**Dataset records:**

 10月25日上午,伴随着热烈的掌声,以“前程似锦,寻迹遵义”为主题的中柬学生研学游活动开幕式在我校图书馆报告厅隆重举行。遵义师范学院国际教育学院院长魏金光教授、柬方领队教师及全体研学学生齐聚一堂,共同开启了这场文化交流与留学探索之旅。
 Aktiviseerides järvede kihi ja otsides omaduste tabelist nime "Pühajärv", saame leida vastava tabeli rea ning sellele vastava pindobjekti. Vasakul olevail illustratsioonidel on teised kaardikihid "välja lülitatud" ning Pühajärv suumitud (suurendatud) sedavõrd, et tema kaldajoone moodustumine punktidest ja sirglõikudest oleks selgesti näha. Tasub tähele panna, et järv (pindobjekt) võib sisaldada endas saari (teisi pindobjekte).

* * *

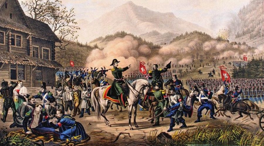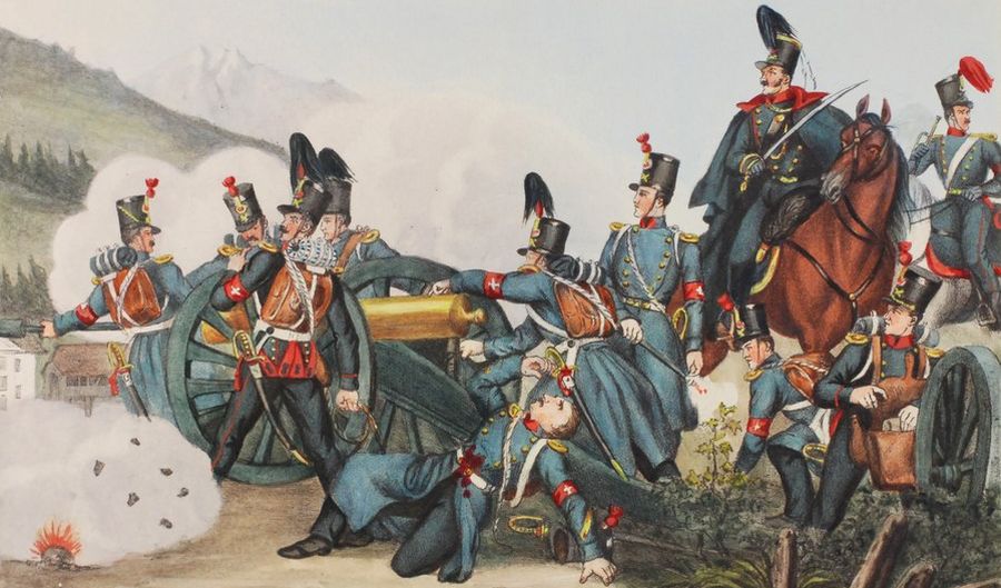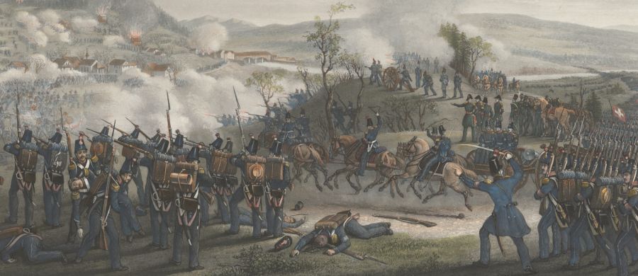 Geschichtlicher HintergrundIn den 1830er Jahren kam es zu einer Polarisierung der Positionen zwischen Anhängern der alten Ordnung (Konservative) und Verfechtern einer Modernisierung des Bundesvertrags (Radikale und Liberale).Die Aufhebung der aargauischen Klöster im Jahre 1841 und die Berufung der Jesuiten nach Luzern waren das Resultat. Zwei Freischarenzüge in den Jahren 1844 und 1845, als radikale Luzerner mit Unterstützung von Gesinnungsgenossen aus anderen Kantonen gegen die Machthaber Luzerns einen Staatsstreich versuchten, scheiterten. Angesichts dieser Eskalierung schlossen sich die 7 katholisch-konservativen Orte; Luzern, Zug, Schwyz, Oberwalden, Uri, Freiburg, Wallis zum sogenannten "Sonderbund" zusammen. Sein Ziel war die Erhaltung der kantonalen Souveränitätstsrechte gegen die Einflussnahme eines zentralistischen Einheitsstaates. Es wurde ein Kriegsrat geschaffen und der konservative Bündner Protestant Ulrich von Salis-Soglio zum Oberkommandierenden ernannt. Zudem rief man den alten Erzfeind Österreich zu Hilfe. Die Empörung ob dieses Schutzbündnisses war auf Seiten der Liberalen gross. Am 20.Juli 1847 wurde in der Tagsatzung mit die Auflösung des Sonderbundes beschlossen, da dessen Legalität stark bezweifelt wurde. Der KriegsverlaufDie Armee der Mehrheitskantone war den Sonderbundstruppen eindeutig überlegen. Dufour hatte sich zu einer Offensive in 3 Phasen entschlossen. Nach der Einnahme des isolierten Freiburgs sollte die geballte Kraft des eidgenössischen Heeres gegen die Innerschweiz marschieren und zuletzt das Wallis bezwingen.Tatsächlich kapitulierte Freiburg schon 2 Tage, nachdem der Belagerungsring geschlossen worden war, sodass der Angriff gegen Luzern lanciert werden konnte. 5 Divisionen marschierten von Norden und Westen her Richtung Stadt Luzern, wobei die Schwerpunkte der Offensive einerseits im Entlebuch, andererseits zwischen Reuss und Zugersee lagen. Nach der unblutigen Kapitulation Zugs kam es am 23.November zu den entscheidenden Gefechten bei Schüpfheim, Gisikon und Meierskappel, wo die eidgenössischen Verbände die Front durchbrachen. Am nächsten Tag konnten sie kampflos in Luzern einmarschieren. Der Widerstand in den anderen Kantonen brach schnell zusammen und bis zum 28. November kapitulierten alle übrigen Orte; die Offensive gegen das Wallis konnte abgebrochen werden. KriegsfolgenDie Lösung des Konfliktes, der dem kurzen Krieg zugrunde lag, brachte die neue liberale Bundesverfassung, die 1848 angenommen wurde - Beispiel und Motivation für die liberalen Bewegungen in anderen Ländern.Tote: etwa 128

**Exercise aim:** Retype only the lines above between the line with "10月25日上午,伴随着热烈" and the line with "Aktiviseerides järvede kihi", counting those two lines as well, and keep every character as it is.

**Problem solution:**
 10月25日上午,伴随着热烈的掌声,以“前程似锦,寻迹遵义”为主题的中柬学生研学游活动开幕式在我校图书馆报告厅隆重举行。遵义师范学院国际教育学院院长魏金光教授、柬方领队教师及全体研学学生齐聚一堂,共同开启了这场文化交流与留学探索之旅。
 Aktiviseerides järvede kihi ja otsides omaduste tabelist nime "Pühajärv", saame leida vastava tabeli rea ning sellele vastava pindobjekti. Vasakul olevail illustratsioonidel on teised kaardikihid "välja lülitatud" ning Pühajärv suumitud (suurendatud) sedavõrd, et tema kaldajoone moodustumine punktidest ja sirglõikudest oleks selgesti näha. Tasub tähele panna, et järv (pindobjekt) võib sisaldada endas saari (teisi pindobjekte).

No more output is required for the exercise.